BONDOWOSO, PanturaPos.id – Sebagai tindak lanjut kerjasama antara Kepala Perhutani Divisi Regional (KADIVRE) Jawa Timur dengan Kepala Kejaksaan Tinggi (KAJATI) Jawa Timur yang terjalin pada akhir Oktober lalu, Perum Perhutani Bondowoso melaksanakan penandatanganan Memorandum of Understanding (MoU) dalam bidang hukum perdata dan tata usaha negara (Datun) dengan Kejaksaan Negeri (Kejari) Bondowoso, Senin (04/11).
Acara yang digelar di Aula Kejaksaan di Jalan A. Yani No. 82 ini dihadiri oleh Misbakhul Munir, Administratur Perum Perhutani KPH Bondowoso, dan Dzakiyul Fikri, SH., MH., Kepala Kejaksaan Negeri Bondowoso. Selain mereka, turut hadir sejumlah pejabat dari Perhutani dan Kejaksaan Negeri Bondowoso, termasuk Kasi Datun Kadek Wira Atmadja, Kasi Pidsus Dwi Hastaryo, Kasi Intelijen Adi Harsanto, serta para kepala seksi dan asisten di lingkungan Perhutani Bondowoso.
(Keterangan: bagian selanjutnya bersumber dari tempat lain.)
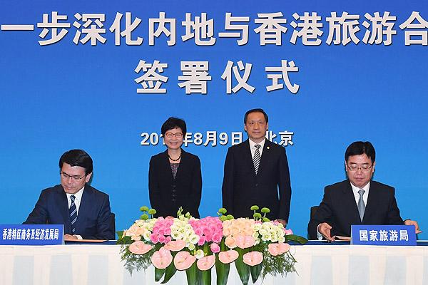 香港特區政府與國家旅游局9日在京簽署《關于進一步深化內地與香港旅游合作協議》,進一步加強雙方在旅游發展領域的交流合作。
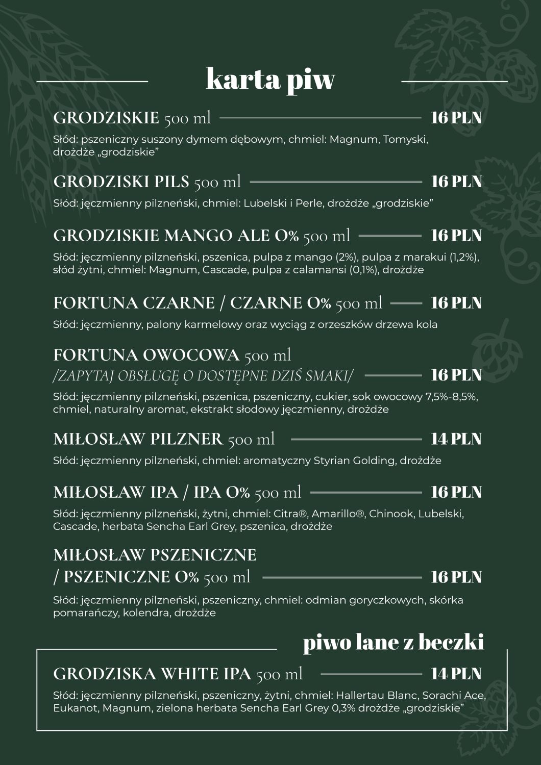 Nazywane niegdyś „szampanem wśród piw”, dziś wraca w swojej najlepszej formie. Lekkie, naturalnie musujące, z subtelną nutą dymu z ogniska – zawdzięcza swój wyjątkowy charakter słodowi pszenicznemu suszonemu dymem z drewna dębowego. Warzone zgodnie z oryginalną recepturą na wodzie grodziskiej i lokalnych drożdżach, refermentowane w butelce, dzięki czemu zachwyca klarownością i wysokim nasyceniem. Piwo Grodziskie to klasyka z duszą – idealne jako aperitif, do dań regionalnych lub po prostu do wzniesienia wyjątkowego toastu.

Dalam sambutannya, Misbakhul Munir mengungkapkan apresiasinya kepada Kejari Bondowoso atas kesediaannya mendukung pengelolaan kawasan hutan yang berkelanjutan. Ia menyoroti pentingnya dukungan berbagai pihak dalam menjaga hutan yang mencakup tiga aspek utama: ekologi, sosial, dan ekonomi.
“Terkadang terjadi benturan kepentingan antara pengelolaan hutan dengan masyarakat sekitar yang dapat memicu konflik. Karena itu, dukungan dari Kejaksaan sangat dibutuhkan untuk melindungi hutan dan aset negara,” ujarnya.
Beberapa agenda yang akan segera ditindaklanjuti dalam kerjasama ini antara lain penyelesaian konflik hutan antara masyarakat atau pihak ketiga dengan Perhutani, serta penertiban lahan garapan di wilayah hukum Kejaksaan Negeri Bondowoso.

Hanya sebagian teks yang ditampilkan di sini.